Simmons, a lawyer, says Amendment 1 is "the very Trojan horse that may cause" Save Our Homes to be declared unconstitutional.

"We truly jeopardized the fiscal responsibility that we have to the people of the state of Florida," Simmons said.

The lawsuit, filed in state court here, alleges Amendment 1 increases the disparity through a "portability" provision that lets homesteaders take their Save Our Homes benefits with them when they move.

The plaintiffs want the court to strike down Save Our Homes and the portability provision. They also are seeking tax refunds for themselves and other recent home buyers.

A state judge in Tallahassee last year dismissed a similar lawsuit by out-of-state owners of second homes in Florida challenging Save Our Homes on similar grounds. An appeal of that decision is pending.

Before portability, when people sold one home and bought another, they were taxed the same as any other new home buyer.

"Now you're in a situation where people who have Save Our Homes due to portability have a permanent benefit over nonresidents" who purchase homes in Florida, Simmons told the Taxation and Budget Reform Commission on Wednesday.

The plaintiffs allege that it violates people's right to travel under the U.S. Constitution.
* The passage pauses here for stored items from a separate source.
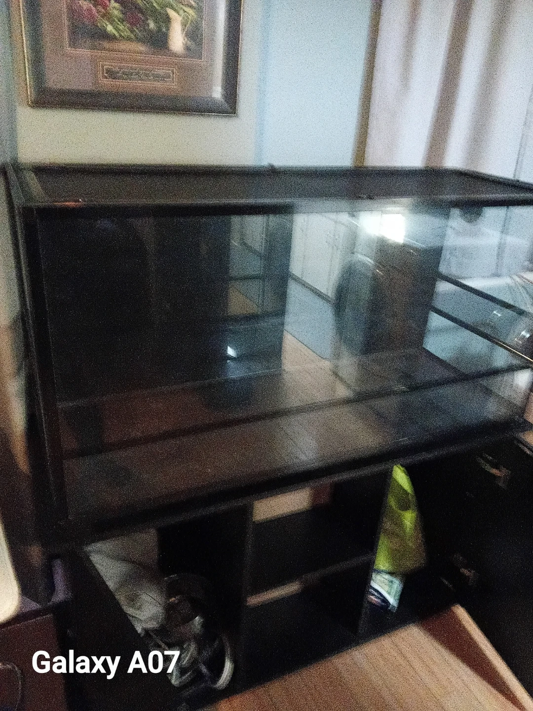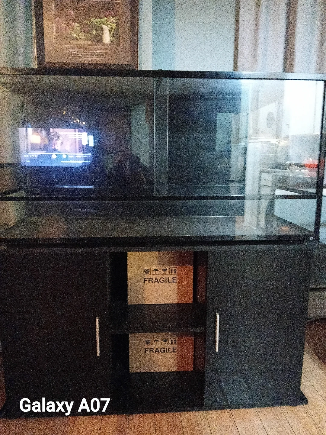 it was used for three months, its in mint condition, if its for a reptile , I also have , lights feeding dishes and furniture and uch more i payed 1 thousand for this àat big alls aquarium , i will throw the accessorise in with the full price sale of 750, without them the price is somewhat negotiable.
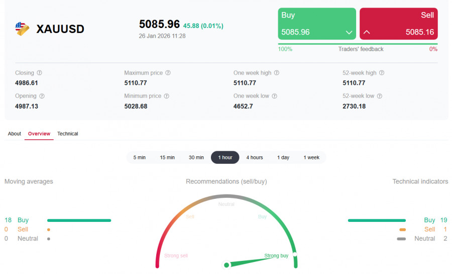 *) см. также: Торговые индикаторы InstaForex по XAU/USD Пара XAU/USD 6-й торговый день подряд обновляет рекордные максимумы, уверенно торгуясь вблизи психологически важного рубежа 5100.00 в первой половине европейской торговой сессии и демонстрируя устойчивый спрос на золото со стороны инвесторов, центральных банков и биржевых фондов. Это беспрецедентное ралли является не случайным всплеском, а следствием мощной конвергенции фундаментальных факторов, превративших золото в главный актив-убежище современности. Ключевым фактором роста остаётся сочетание геополитической неопределённости, слабости доллара США и ожиданий
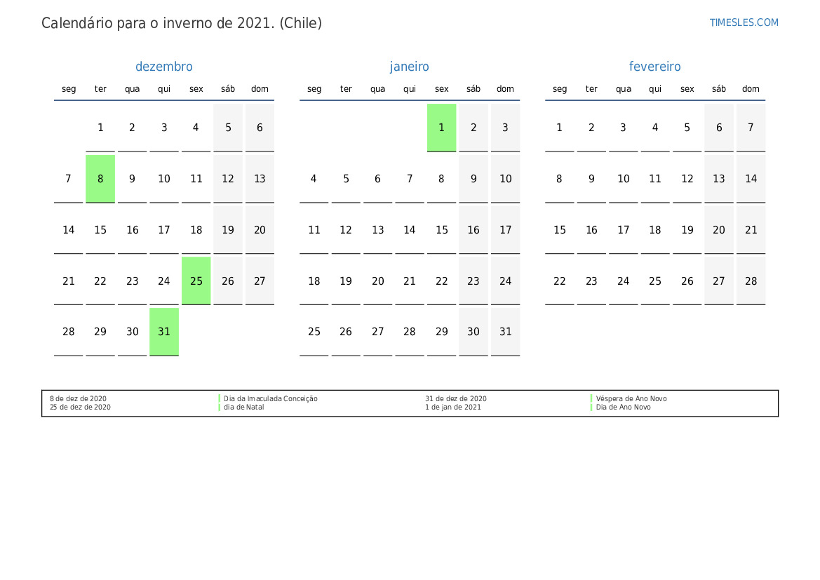 No inverno de 2021, há 5 feriados e dias de folga No Chile. Inverno 2021 começa na terça-feira e termina no domingo.
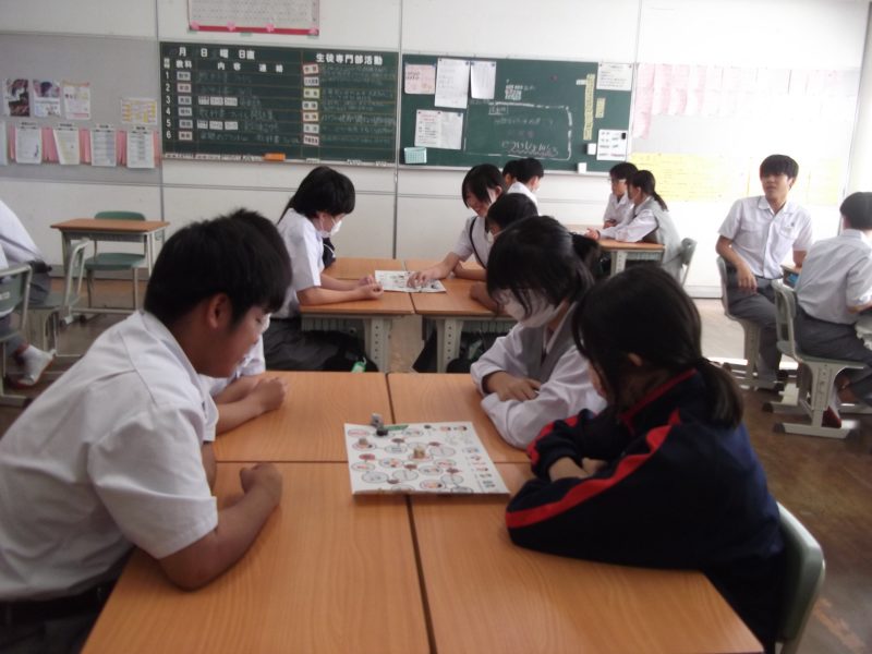 行事【学校生活】 10月の授業風景5 【更新日】2024年10月30日 1年1組は英語の授業です。 アティラ先生と一緒にboard game(英語のすごろく)をしました。 じゃんけんをで順番を決め、サイコロを振って消しゴムのこまを進めていきます。 楽しみながら英語を学ぶことができました。
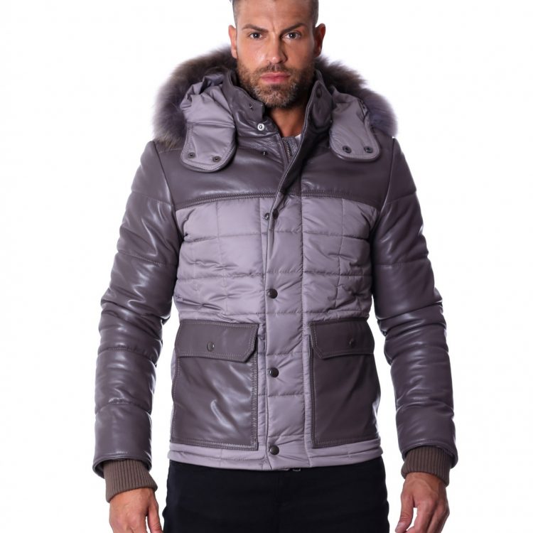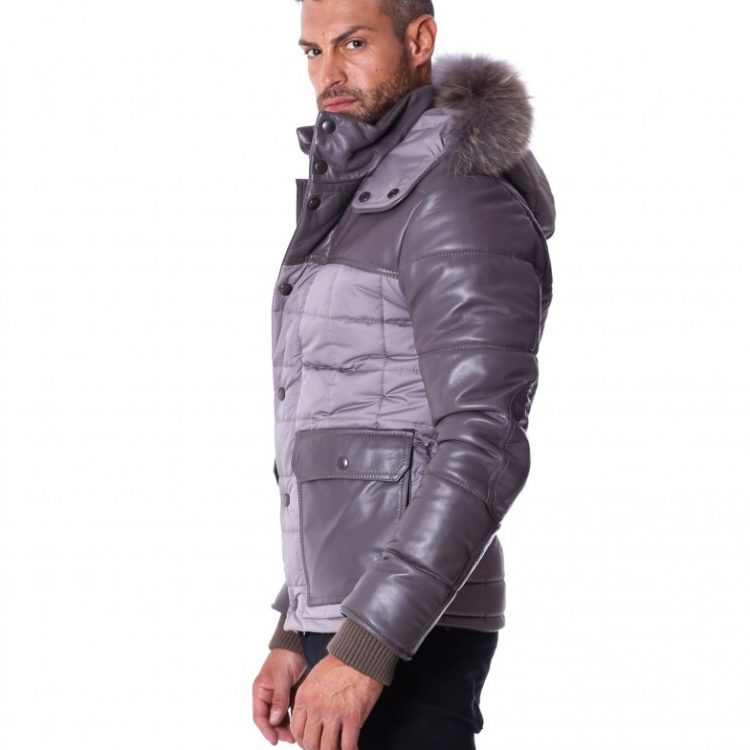 Add to WishlistQuick ViewU503 - Grey Leather Fabric Down Hooded Jacket

Simmons said the Legislature or tax commission could remedy the situation by drafting another constitutional amendment that would provide a percentage exemption for all homeowners, new and old.

The commission's Finance and Tax Committee on Feb. 25 will consider a proposal for a 25 percent exemption that would let homeowners to keep their Save Our Homes benefits if that is a better deal for them.

It also would apply the exemption to other residential property, including second homes and rentals, and raise the state sales tax by 1 percentage point for three years to partly offset revenue losses to local governments and school districts.

Simmons began pushing a percentage-based exemption last year and it was part of a proposed state constitutional amendment offered by the Legislature.

It would have given homeowners a one-time choice of keeping Save Our Homes benefits or taking the percentage-based "super exemption."

A judge removed it from the ballot because the proposal's summary was misleading but found nothing wrong with its substance.

The Legislature nevertheless abandoned that proposal and offered Amendment 1.

Last modified: Friday, Feb. 15, 2008 at 3:53 a.m.